------ DATASET
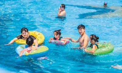 7月1日,游客在河北省遵化市娘娘莊鎮(zhèn)水上樂(lè)園戲水避暑。劉滿(mǎn)倉(cāng)攝(人民圖片)
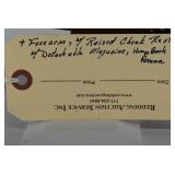 Redding Auction Service Inc. establishes no warranties or depictions concerning the fitness for use, safeness to fire, to store, or reliability of any firearm, ammunition, parts, parts of components of any lot.  Any use is entirely at your risk.  Redding Auction Service Inc. expressly disclaims any liability whatsoever for accident, injury or damage resulting to any person or property from the use or storage of any such lot.
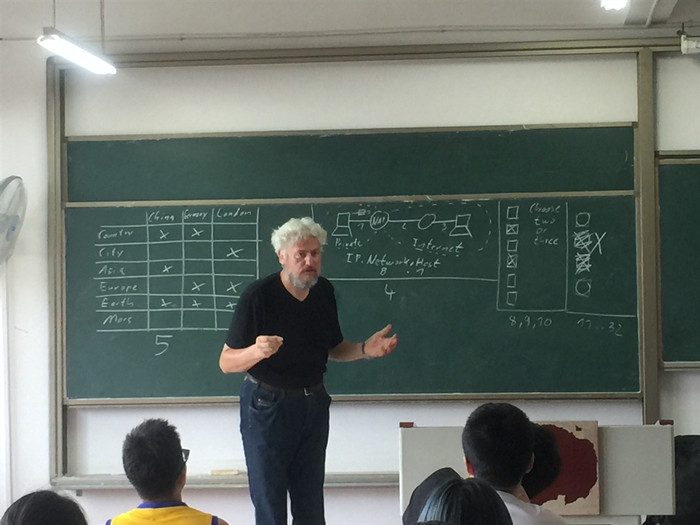 外教Jan Maltry非常善用以比喻的方式,深入浅出。他先是通过举身边的例子,来提出基本研究概念并不断地重复这几个概念词语,使得同学们们对基本知识能有比较深入的理解和记忆,然后再扩展开来,用自己的日常经历,以多组照片记录的形式与大家分享,并详细分析每组图片中的成分,力求同学们能完全理解。
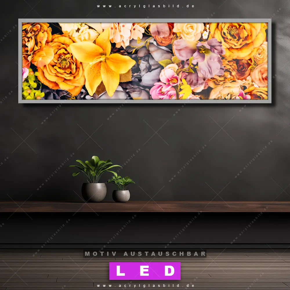 Deine Wände könnten dringend ein dimmbares LED Bild mit Fernbedienung und optionaler Farbtemperatursteuerung gebrauchen? Dann haben wir das perfekte Wandbild mit LED Beleuchtung für dich: unser mega-cooles Blumen - Botanik Canvalight® DIA LED Acrylglasbild! Mit unserem angesagten Leuchtbild aus Acrylglas im Panorama-Format und der austauschbaren bedruckten Acrylglas-Scheibe Blütenzauber bringst du nicht nur Licht, sondern auch jede Menge Flair in deine Räume.
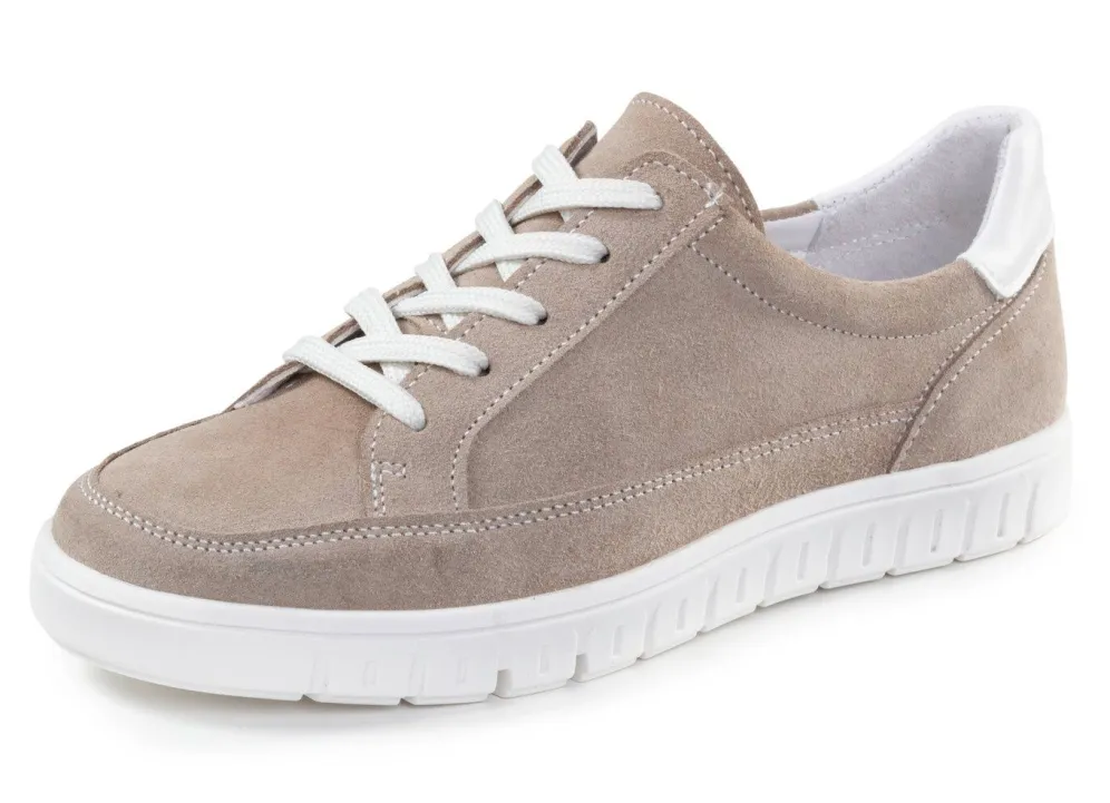 Schnür-Sneaker von ELENA EDEN, aus Veloursleder mit weißem Nappaleder-Besatz: Weite G, Futter, herausnehmbares Lederfußbett, leichte TR-Profilsohle sowie 10 mm Keilabsatz
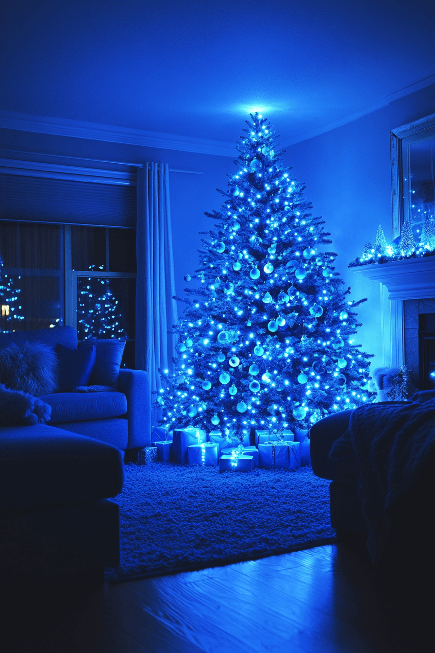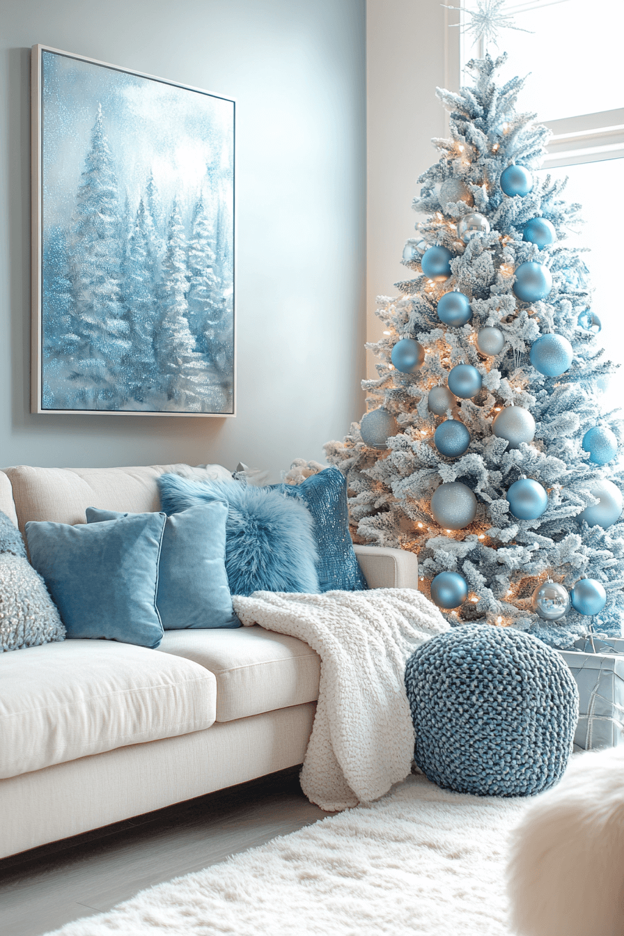 Soft blues and whites bring a gentle coastal charm to your holiday living room, creating a breezy and peaceful retreat. Pair light blue accents with organic textures like woven baskets and driftwood for that beachy touch. A frosted tree adorned with silver and pale blue ornaments completes the scene with a tranquil vibe. These blue Christmas decor ideas make it easy to bring serene ocean-inspired beauty into your holiday home.
------------
## ACTIVITY:
Extract every line of the data exactly; pictures stay out.

## EXERCISE SOLUTION:
 7月1日,游客在河北省遵化市娘娘莊鎮(zhèn)水上樂(lè)園戲水避暑。劉滿(mǎn)倉(cāng)攝(人民圖片)
 Redding Auction Service Inc. establishes no warranties or depictions concerning the fitness for use, safeness to fire, to store, or reliability of any firearm, ammunition, parts, parts of components of any lot.  Any use is entirely at your risk.  Redding Auction Service Inc. expressly disclaims any liability whatsoever for accident, injury or damage resulting to any person or property from the use or storage of any such lot.
 外教Jan Maltry非常善用以比喻的方式,深入浅出。他先是通过举身边的例子,来提出基本研究概念并不断地重复这几个概念词语,使得同学们们对基本知识能有比较深入的理解和记忆,然后再扩展开来,用自己的日常经历,以多组照片记录的形式与大家分享,并详细分析每组图片中的成分,力求同学们能完全理解。
 Deine Wände könnten dringend ein dimmbares LED Bild mit Fernbedienung und optionaler Farbtemperatursteuerung gebrauchen? Dann haben wir das perfekte Wandbild mit LED Beleuchtung für dich: unser mega-cooles Blumen - Botanik Canvalight® DIA LED Acrylglasbild! Mit unserem angesagten Leuchtbild aus Acrylglas im Panorama-Format und der austauschbaren bedruckten Acrylglas-Scheibe Blütenzauber bringst du nicht nur Licht, sondern auch jede Menge Flair in deine Räume.
 Schnür-Sneaker von ELENA EDEN, aus Veloursleder mit weißem Nappaleder-Besatz: Weite G, Futter, herausnehmbares Lederfußbett, leichte TR-Profilsohle sowie 10 mm Keilabsatz
 Soft blues and whites bring a gentle coastal charm to your holiday living room, creating a breezy and peaceful retreat. Pair light blue accents with organic textures like woven baskets and driftwood for that beachy touch. A frosted tree adorned with silver and pale blue ornaments completes the scene with a tranquil vibe. These blue Christmas decor ideas make it easy to bring serene ocean-inspired beauty into your holiday home.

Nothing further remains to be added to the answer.